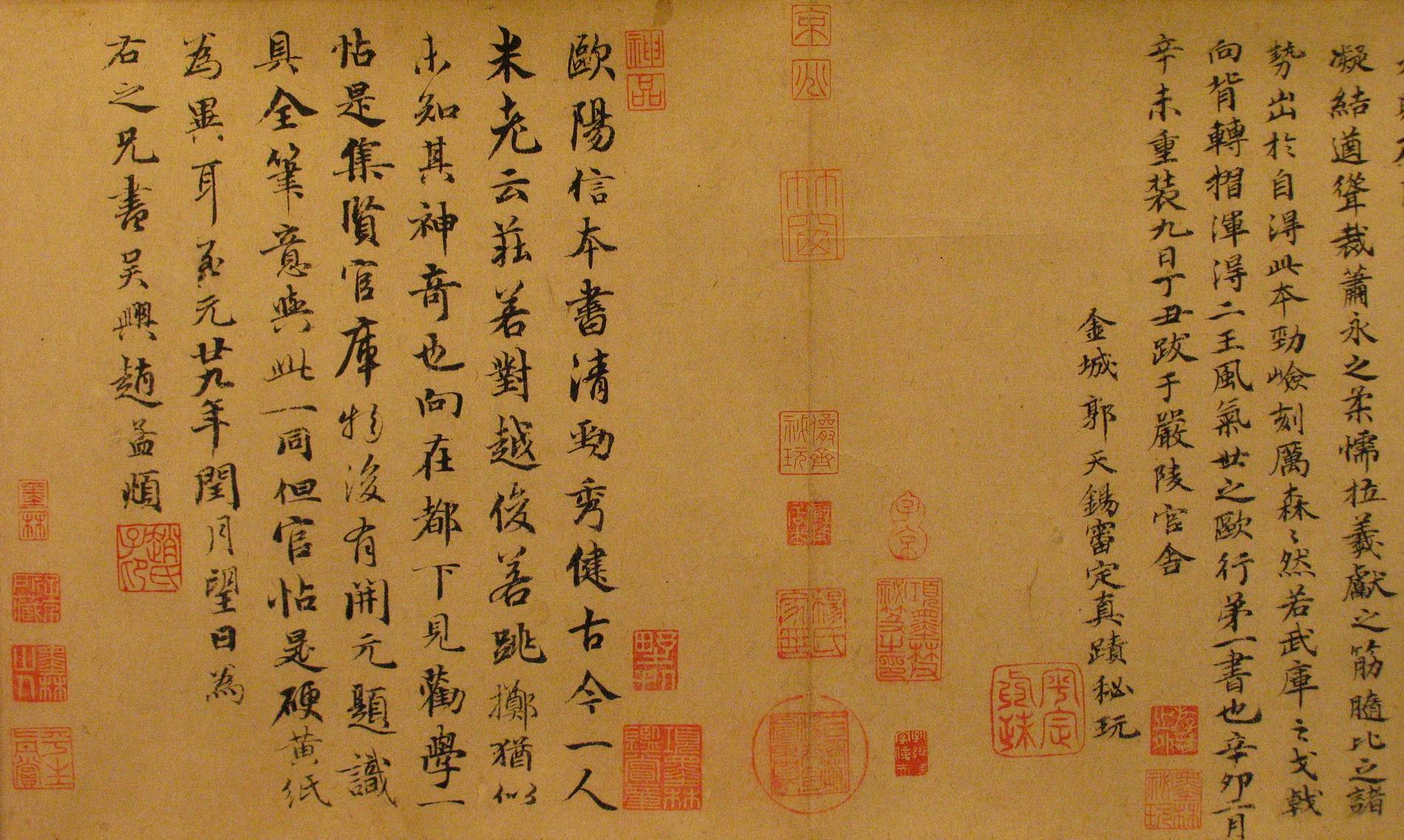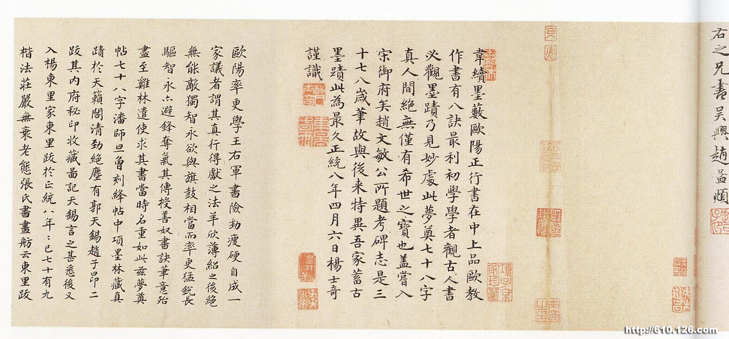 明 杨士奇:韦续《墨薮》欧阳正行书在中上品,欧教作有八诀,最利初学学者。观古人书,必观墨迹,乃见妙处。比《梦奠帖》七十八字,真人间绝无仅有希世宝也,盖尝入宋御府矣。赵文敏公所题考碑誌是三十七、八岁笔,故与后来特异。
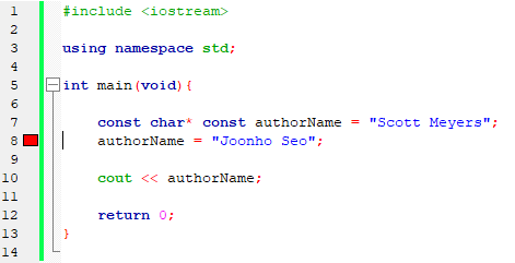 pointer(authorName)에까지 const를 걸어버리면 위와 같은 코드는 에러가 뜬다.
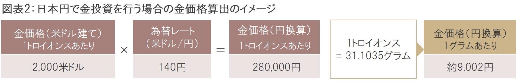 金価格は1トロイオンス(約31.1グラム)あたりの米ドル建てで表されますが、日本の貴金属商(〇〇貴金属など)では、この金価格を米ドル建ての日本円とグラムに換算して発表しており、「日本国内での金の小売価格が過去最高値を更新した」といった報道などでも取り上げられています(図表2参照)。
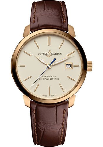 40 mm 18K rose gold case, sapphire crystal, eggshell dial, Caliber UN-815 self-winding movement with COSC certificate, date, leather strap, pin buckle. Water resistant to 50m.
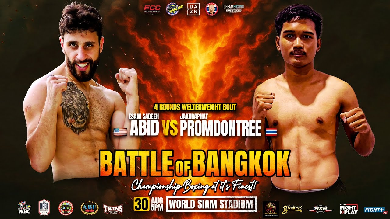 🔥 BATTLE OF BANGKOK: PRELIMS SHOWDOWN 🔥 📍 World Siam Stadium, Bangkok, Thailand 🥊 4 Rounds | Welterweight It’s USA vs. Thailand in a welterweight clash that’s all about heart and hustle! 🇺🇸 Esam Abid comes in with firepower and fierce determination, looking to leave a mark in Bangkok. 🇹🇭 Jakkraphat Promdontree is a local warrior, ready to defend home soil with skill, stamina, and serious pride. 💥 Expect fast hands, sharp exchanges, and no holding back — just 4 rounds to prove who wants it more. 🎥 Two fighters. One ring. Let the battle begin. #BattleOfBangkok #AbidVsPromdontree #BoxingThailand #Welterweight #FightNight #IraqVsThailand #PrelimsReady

-.-.-

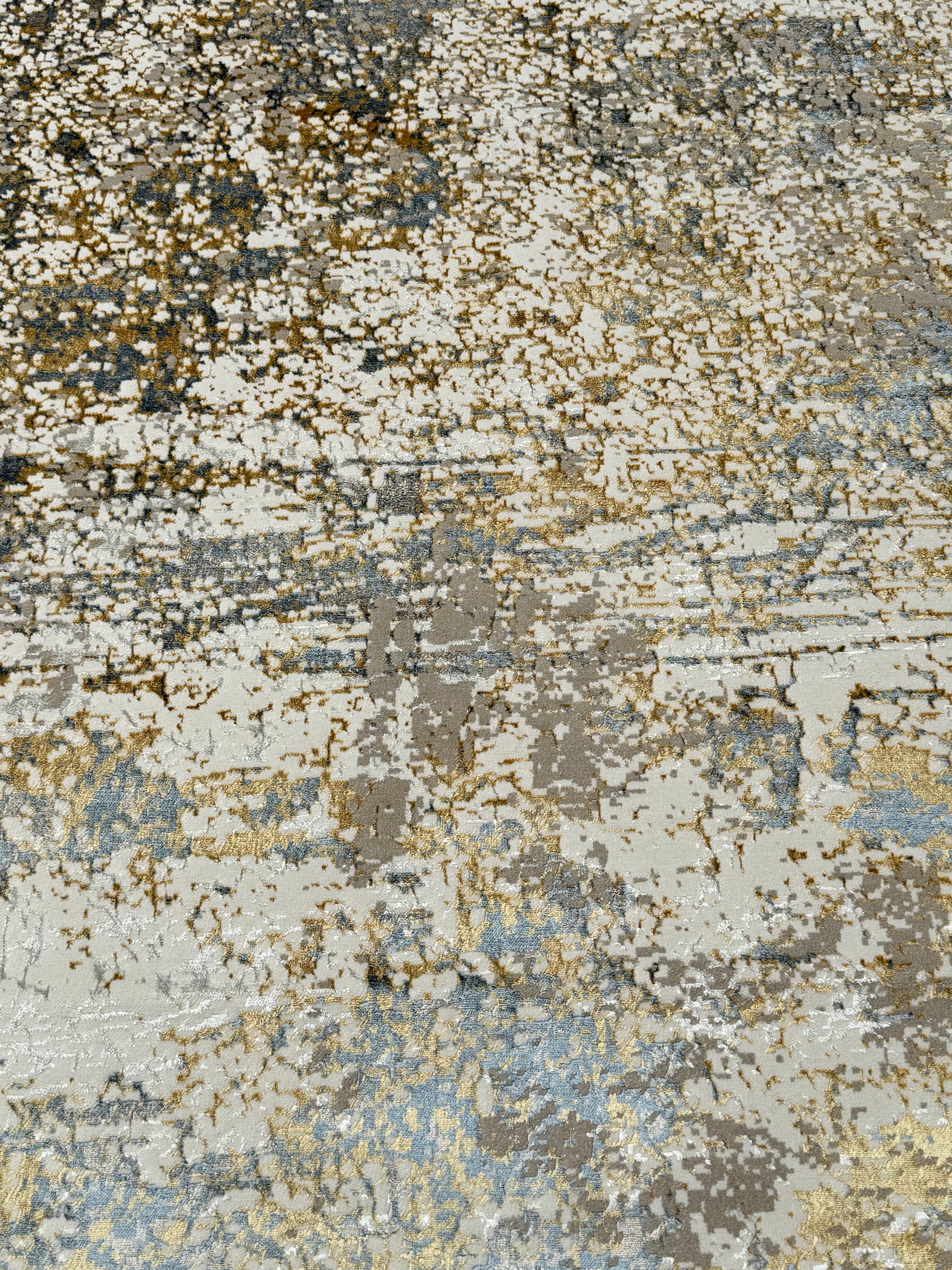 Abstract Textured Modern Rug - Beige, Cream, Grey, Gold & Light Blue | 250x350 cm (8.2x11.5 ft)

-.-.-

- **Exercise requirements**
Write back word for word every line in the entries above from the one with "明 杨士奇:韦续《墨薮》欧阳" to the one with "40 mm 18K rose", ends included, and none of the pictures.

- **Written response**
 明 杨士奇:韦续《墨薮》欧阳正行书在中上品,欧教作有八诀,最利初学学者。观古人书,必观墨迹,乃见妙处。比《梦奠帖》七十八字,真人间绝无仅有希世宝也,盖尝入宋御府矣。赵文敏公所题考碑誌是三十七、八岁笔,故与后来特异。
 pointer(authorName)에까지 const를 걸어버리면 위와 같은 코드는 에러가 뜬다.
 金価格は1トロイオンス(約31.1グラム)あたりの米ドル建てで表されますが、日本の貴金属商(〇〇貴金属など)では、この金価格を米ドル建ての日本円とグラムに換算して発表しており、「日本国内での金の小売価格が過去最高値を更新した」といった報道などでも取り上げられています(図表2参照)。
 40 mm 18K rose gold case, sapphire crystal, eggshell dial, Caliber UN-815 self-winding movement with COSC certificate, date, leather strap, pin buckle. Water resistant to 50m.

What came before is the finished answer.